Report: Northern Residents Live Shorter Lives, Have Fewer Doctors

YERUSHALAYIM
View of Israel’s Lower Galilee.(Nati Shohat/Flash90)

Residents of northern Israel live less, smoke more and have less access to doctors than residents of the center of the country, a report by the Health Ministry said. The report was presented to a Knesset subcommittee on the state of health services in northern Israel by Professor Itamar Grotto, Deputy Director of the Health Ministry.

Responding to the report, MK Moti Yogev (Jewish Home), chairperson of the subcommittee, said that “residents of the north are not second-class citizens. Health services are a basic right of life, and they are entitled to the same services as residents of Tel Aviv.”

According to the report, there are 2.2 doctors for every 1,000 residents of the central and northern Galilee, compared to 4.4 per thousand in the Tel Aviv metropolitan area. People live longer in the Tel Aviv area; the average life span for men there is 82.2 years, while women in the Tel Aviv area live 84.1 years on average; in the north, it’s 78.1 for men, and 82.2 for women.

The loss of those two years on average could be due to fewer doctors and less access to medical services – or it could be because residents of the north have less healthy lifestyles. In the center of the country, 18.5 percent of Jews smoked, compared to 24.8 percent in the north; among Arabs living in the center, 25.2 percent smoked, compared to 32.6 percent in the north.

One positive indication in the report was a continued fall in the infant mortality rate – but even here, the rate for the north was slightly above the national average.

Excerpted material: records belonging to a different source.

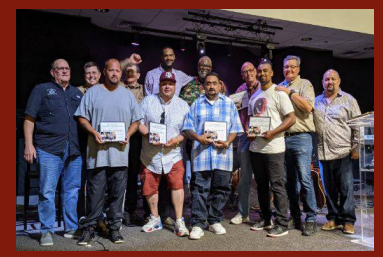
Welding Class Graduation
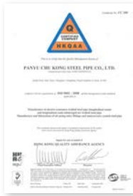
1996 (Renewed in 2010 2013/2016 續) ISO9001 (香港品質保證局) (Hong Kong Quality Assurance Agency)
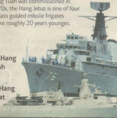
KD Hang Jebat
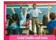
Social Studies and Civics

“There is no excuse for a situation in which there are only half as many doctors per capita in the north as there are in the center,” Yogev said. “I see no reason to force residents of the north to have to travel many hours to better staffed and equipped hospitals. We intend to get answers and solutions to these problems from the Health Ministry and the Finance Ministry, to get funding for programs, especially to bring more and better medical experts to the north.”